Boję się, że nie ma rady. Trzeba ten smaczek polubić (ja nie mogę), albo nie robić win z labruski.
Szukaj
Odpowiedz
DarekRz Offline
Zasłużony dla forum
******
Liczba postów: 3.654
Liczba wątków: 52
Dołączył: 04 2003
Lokalizacja: Białystok
#3
29-11-2004, 14:31
Posmak mysi moze byc tez z innych powodów niz uzycie labruskowatych winogron. Miałem kiedys posmak mysi w winie jabłkowym, które długo nie chiało sie sklarowac - a było to w latach kiedy o bentonicie domowym wytwórcom win nawet sie nie sniło :) . Jakoś - po wielu zabiegach i około roku od nastawienia wino w końcu sie oczyscilo do akceptowalnego poziomu, ale miało ten mysi posmaczek i nie udało mi sie go usunąć węglem aktywnym. Pomaga czarodziejska przemiana ze stanu skupienia płynnego w gazowy i na powrót w płynny z dodatkowym "skokiem" % w uzyskanym produkcie ;) :)
Szukaj
Odpowiedz
winiareczka Offline
Winiarczyk
*
Liczba postów: 115
Liczba wątków: 7
Dołączył: 11 2004
Lokalizacja: Belle Cracovie
Nastrój: slodko-kwasny
#4
29-11-2004, 14:49
Co to jest labruska? Odmiana winogron? Wybaczcie, pytam, bo nie wiem:glupek:
Chciałam na wiosne posadzić w ogródku jeden krzaczek winny (na próbę), stąd chciałabym wiedzieć, czego NIE SADZIĆ, skoro wychodzi z tego niedobre wino.

Pozdrawiam
Szukaj
Odpowiedz
DarekRz Offline
Zasłużony dla forum
******
Liczba postów: 3.654
Liczba wątków: 52
Dołączył: 04 2003
Lokalizacja: Białystok
#5
29-11-2004, 15:01
Vitis Labrusca - to gatunek winorosli pochodzacy z Ameryki Pn.. Odmiany winorosli w zalezności od tego czy są odmianami wyłącznie tego gatunku czy też mieszancami z innymi gatunkami wykazują różną zawartość estru metylowego kwasu antranilowego (O.K.-? -Sasza ;) ), który daje specyficzny smak i aromat owoców - w najbardziej zjadliwych stężeniach dający posmak landrynek zrobionych z pasty do szorowania podłóg i mysich siuśków (niektórzy twierdzą, że dziury w jezyku mają po takich owocach :D ) poprzez bardziej znosne smaki landrynkowo - truskawkowo - apteczne do całkiem przyjemnych w świezych owocach deserowych (np. Swenson red) bukietów poziomkowo - truskawkowych. Niestety w winie te aromaty uwidaczniają się bardziej. Labruscę łatwo mozna poznac po samej konsystencji owoców - skórka łatwo odchodzi od miąższu a miąższ jest galaretowaty.
Wino z winogron z udziałem V. Labrusca moim zdaniem moga być dobre w wersjach innych niz wytrawne i jako wina owocowe z winogron a nie gronowe.

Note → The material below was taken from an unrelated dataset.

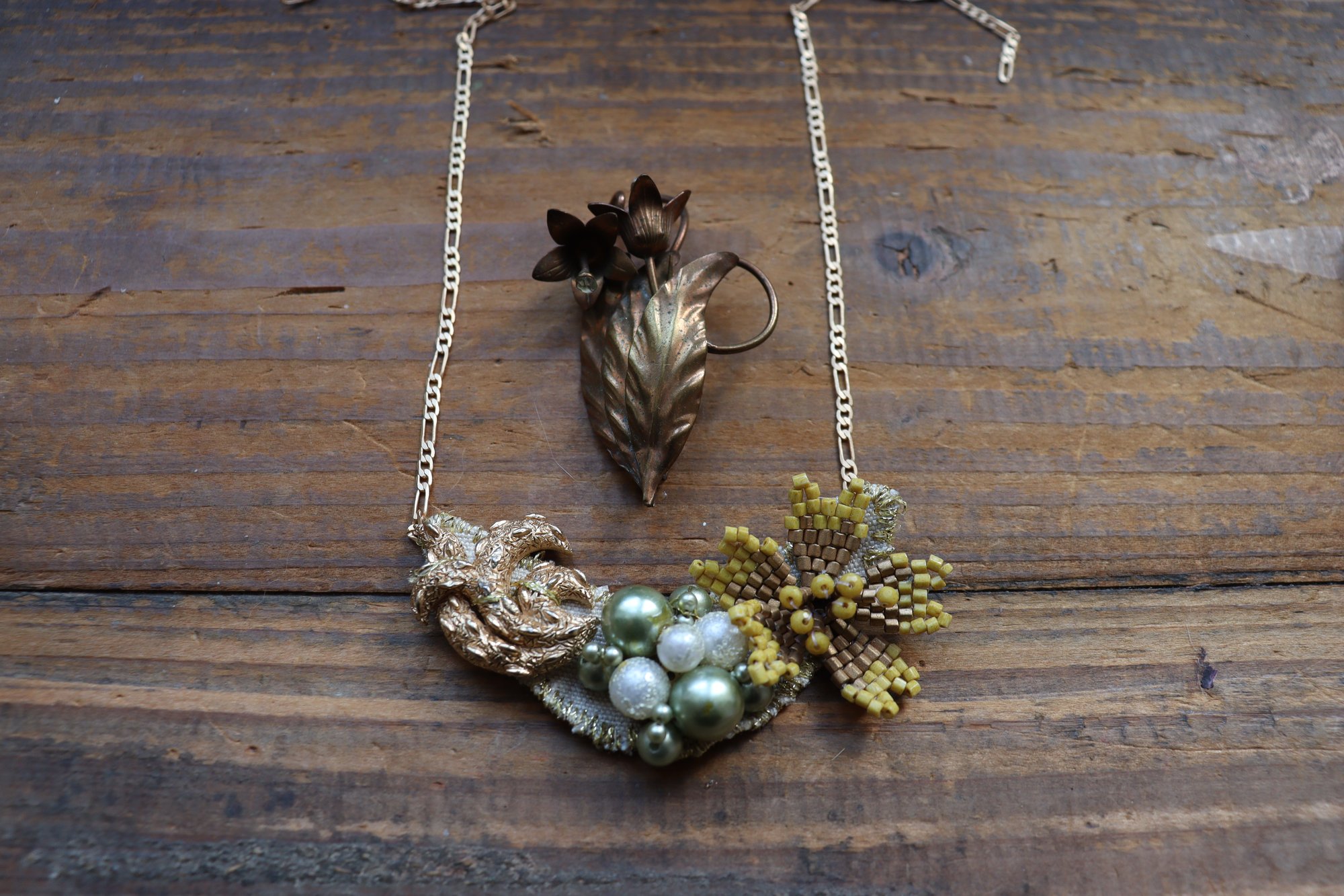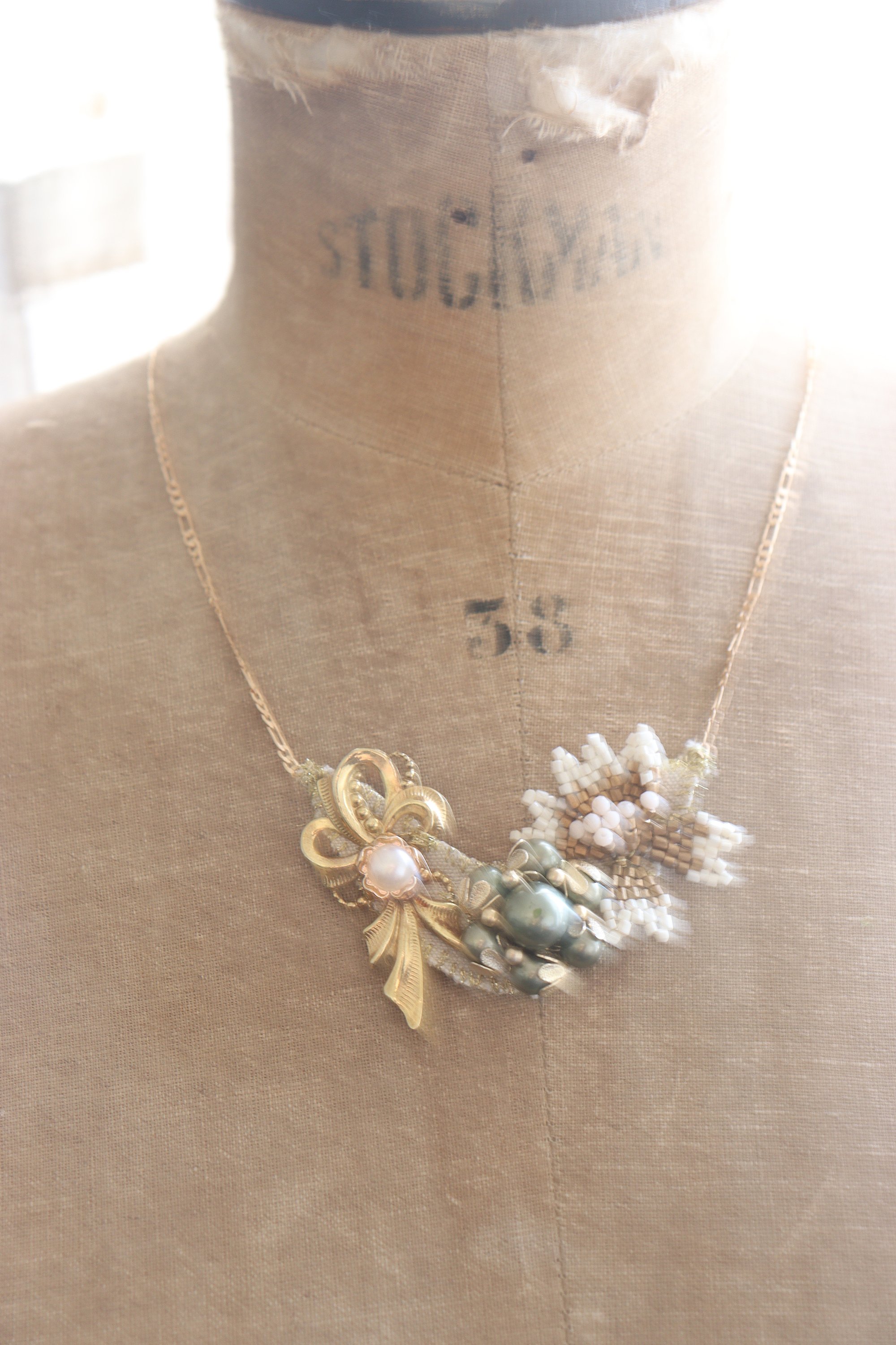 Collier: in lino antico con gioielli vintage applicati e fiore in perline.

Napisz Winiareczko w jakiej miejscowosci, lub w jakim regionie Polski chcesz sadzić to parę namiarów na dobre odmiany z pewnością dostaniesz :)
Szukaj
Odpowiedz
winiareczka Offline
Winiarczyk
*
Liczba postów: 115
Liczba wątków: 7
Dołączył: 11 2004
Lokalizacja: Belle Cracovie
Nastrój: slodko-kwasny
#6
29-11-2004, 15:12
Mieszkam w Krakowie, krzaczki chciałabym posadzić na działce znajdującej się między Krakowem i Zakopanem, na stokach Lubonia (nie za zimno?). Krzaczki pewnie będę kupować gdzieś w Krakowie.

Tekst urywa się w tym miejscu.